- _Task_:
Every line below between the line holding "Welcome to your" and the line holding "3日、中国科学院古脊椎動物・", inclusive, should be repeated exactly, and all other lines omitted.

- _Supplied material_:
|---|
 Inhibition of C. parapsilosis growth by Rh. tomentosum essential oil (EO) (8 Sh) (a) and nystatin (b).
|---|
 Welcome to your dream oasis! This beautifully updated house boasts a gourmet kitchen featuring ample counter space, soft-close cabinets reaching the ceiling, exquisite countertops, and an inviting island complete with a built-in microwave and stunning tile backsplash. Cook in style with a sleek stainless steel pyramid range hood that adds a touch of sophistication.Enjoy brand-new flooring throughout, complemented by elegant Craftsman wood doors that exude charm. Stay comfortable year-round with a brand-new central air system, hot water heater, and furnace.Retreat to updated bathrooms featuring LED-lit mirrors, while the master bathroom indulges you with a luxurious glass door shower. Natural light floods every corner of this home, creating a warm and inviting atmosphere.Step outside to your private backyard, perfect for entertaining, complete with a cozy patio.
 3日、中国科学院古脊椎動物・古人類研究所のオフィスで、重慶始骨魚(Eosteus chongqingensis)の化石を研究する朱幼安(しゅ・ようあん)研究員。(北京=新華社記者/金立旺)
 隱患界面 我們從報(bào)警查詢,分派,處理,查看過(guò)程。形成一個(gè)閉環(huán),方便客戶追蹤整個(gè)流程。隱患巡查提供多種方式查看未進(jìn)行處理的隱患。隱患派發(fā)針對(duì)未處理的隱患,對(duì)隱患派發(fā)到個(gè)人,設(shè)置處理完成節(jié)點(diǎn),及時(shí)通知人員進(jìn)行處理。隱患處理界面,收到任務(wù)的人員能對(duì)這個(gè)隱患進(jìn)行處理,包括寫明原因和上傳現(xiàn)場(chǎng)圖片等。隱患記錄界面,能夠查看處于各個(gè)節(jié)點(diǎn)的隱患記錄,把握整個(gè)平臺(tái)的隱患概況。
|---|
- _Exercise solution_:
 Welcome to your dream oasis! This beautifully updated house boasts a gourmet kitchen featuring ample counter space, soft-close cabinets reaching the ceiling, exquisite countertops, and an inviting island complete with a built-in microwave and stunning tile backsplash. Cook in style with a sleek stainless steel pyramid range hood that adds a touch of sophistication.Enjoy brand-new flooring throughout, complemented by elegant Craftsman wood doors that exude charm. Stay comfortable year-round with a brand-new central air system, hot water heater, and furnace.Retreat to updated bathrooms featuring LED-lit mirrors, while the master bathroom indulges you with a luxurious glass door shower. Natural light floods every corner of this home, creating a warm and inviting atmosphere.Step outside to your private backyard, perfect for entertaining, complete with a cozy patio.
 3日、中国科学院古脊椎動物・古人類研究所のオフィスで、重慶始骨魚(Eosteus chongqingensis)の化石を研究する朱幼安(しゅ・ようあん)研究員。(北京=新華社記者/金立旺)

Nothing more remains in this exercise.